In deze zaak heeft de Hoge Raad op 7 september 2012 uitspraak gedaan in een cassatieprocedure betreffende een geschil over partneralimentatie. De man en de vrouw, die in 1992 zijn gehuwd, hebben in 2009 de echtscheiding aangevraagd. De vrouw verzocht de rechtbank om de echtscheidingsbeschikking te wijzigen en een bijdrage in de kosten van haar levensonderhoud vast te stellen. De rechtbank bepaalde de partneralimentatie op € 84,-- bruto per maand, maar het hof heeft deze beschikking op 31 mei 2011 vernietigd en de alimentatie verhoogd naar verschillende bedragen in de periode van 1 februari 2010 tot 1 november 2010.

De man verzocht het hof om de beschikking te verbeteren, omdat er sprake zou zijn van een kennelijke rekenfout. Het hof oordeelde echter dat er geen sprake was van een kennelijke rekenfout die eenvoudig kon worden hersteld. De man heeft vervolgens cassatie ingesteld tegen de beschikking van het hof, terwijl de vrouw incidenteel cassatieberoep heeft ingesteld.

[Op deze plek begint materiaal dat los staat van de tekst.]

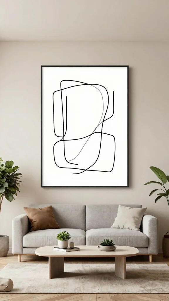 Incorporate abstract line art to add a modern, minimalist touch that enhances your living room’s aesthetic.
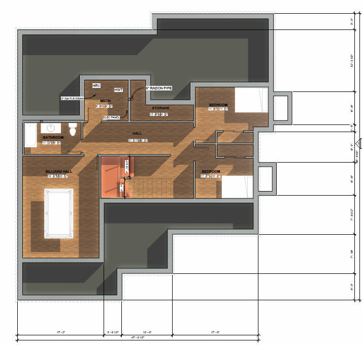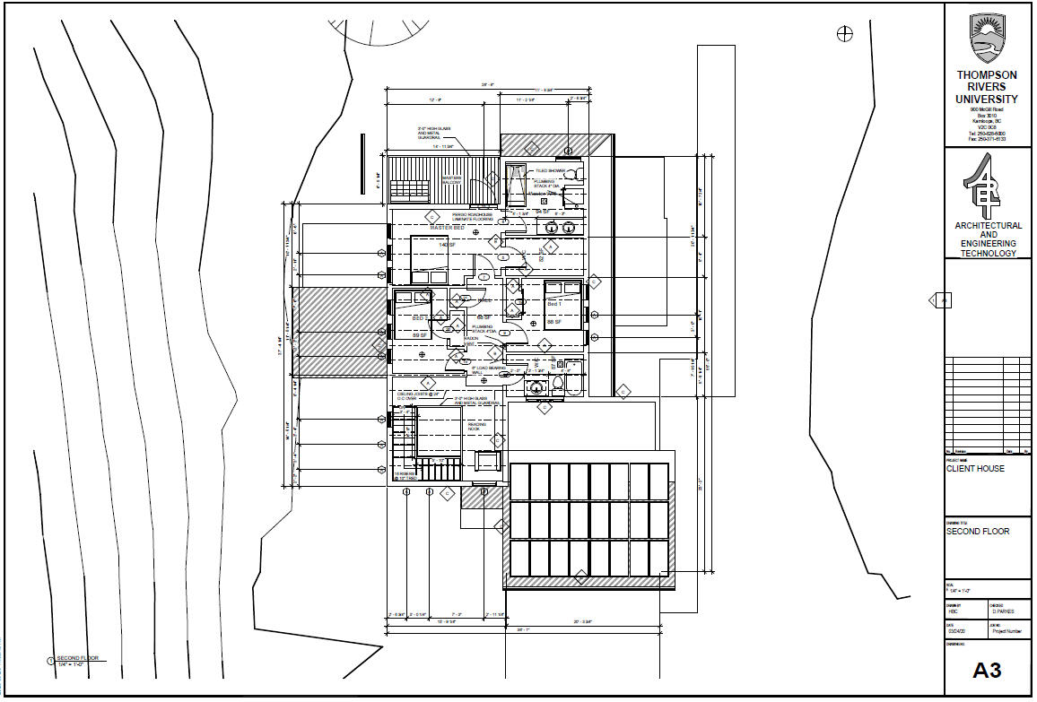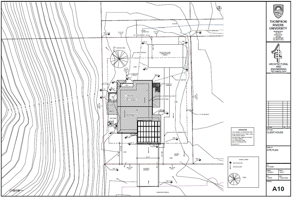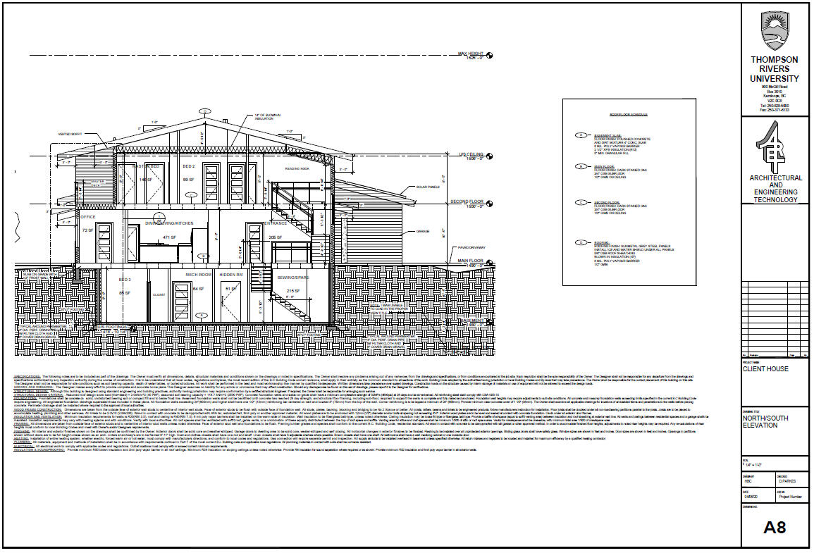These floorplans are from my first major project in university. It started as an existing lot in Kamloops, British Columbia with a building that was planned to be demolished. The whole class was instructed to design a home to fit our clients wants and needs, which was mainly focused around net-zero, and their children.
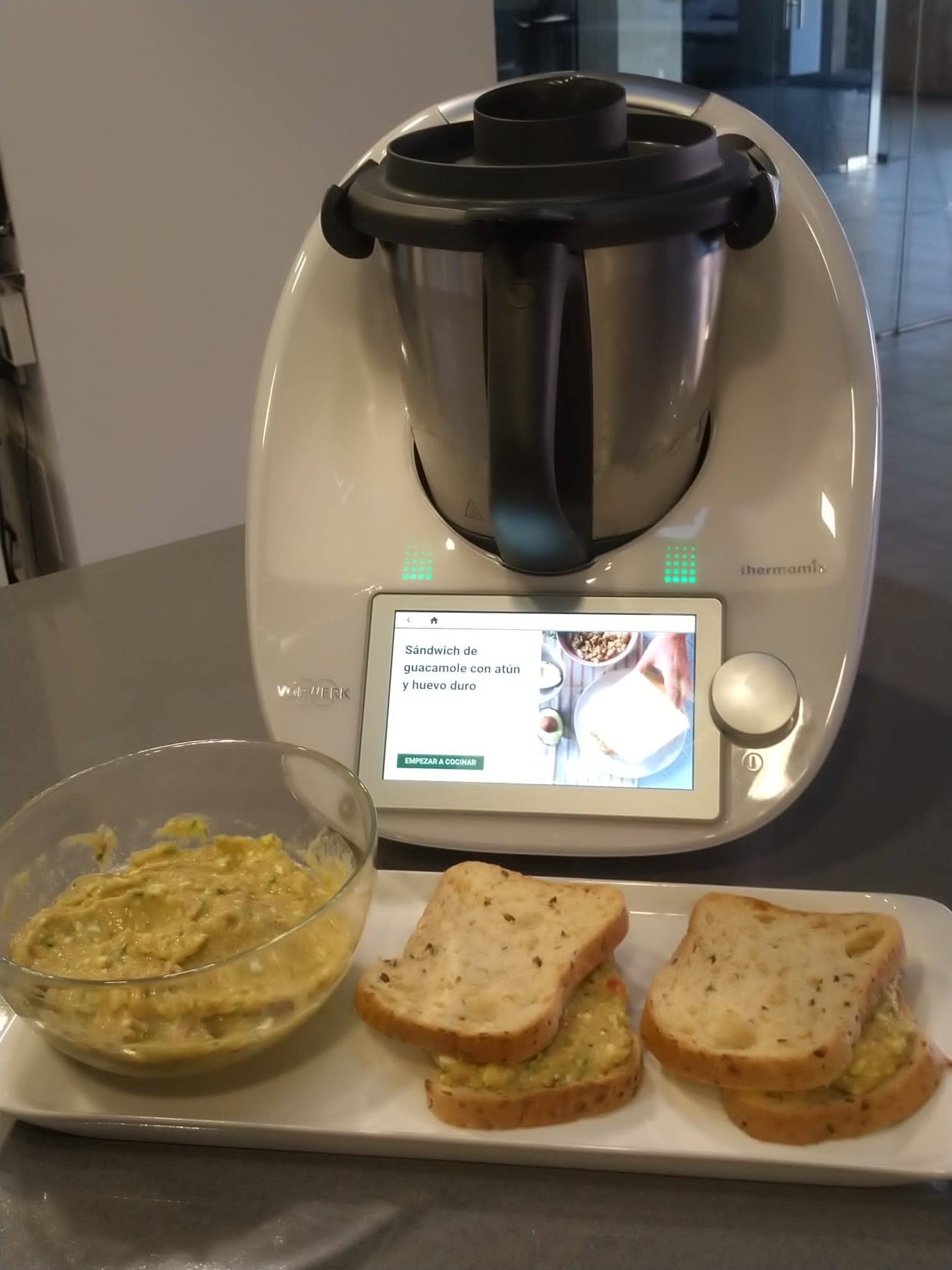 - Añada el huevo troceado reservado y el atún escurrido y mezcle 3 seg/vel 3. Reparta el guacamole en 6 rebanadas de pan de molde, tape con otras 6 rebanadas y sirva.
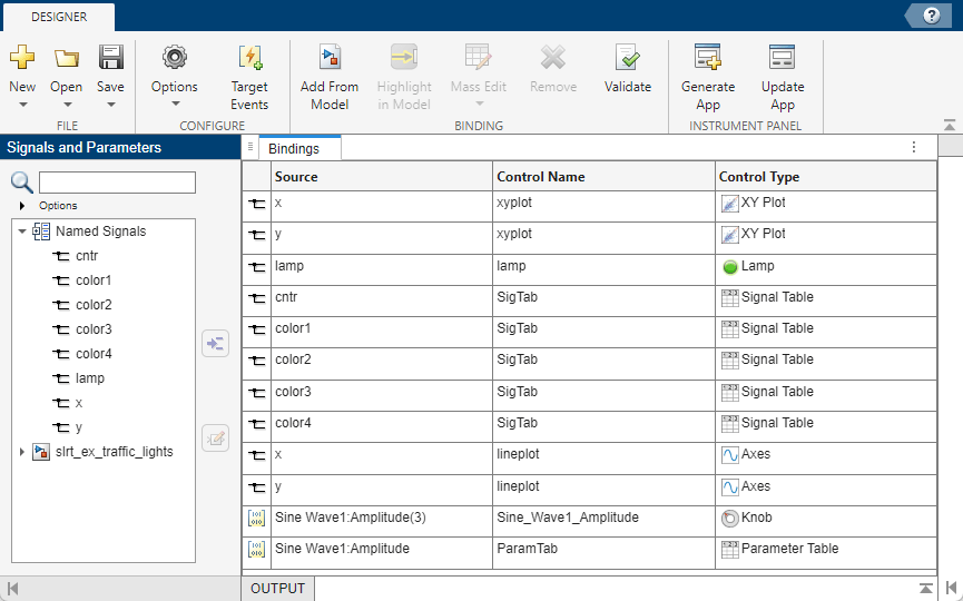 This example shows how to create an Instrument object and apply Instrument object methods. This example uses real-time application slrt_ex_traffic_lights.mldatx and includes the signals that are connected to the instrument object.

De Hoge Raad heeft in zijn uitspraak geoordeeld dat het hof buiten de grenzen van de rechtsstrijd is getreden door rekening te houden met de arbeidskorting, terwijl de rechtbank had vastgesteld dat de man geen recht had op deze korting. Dit leidde tot de vernietiging van de beschikking van het hof en verwijzing van de zaak naar het gerechtshof te Leeuwarden voor verdere behandeling. Het incidentele beroep van de vrouw werd verworpen.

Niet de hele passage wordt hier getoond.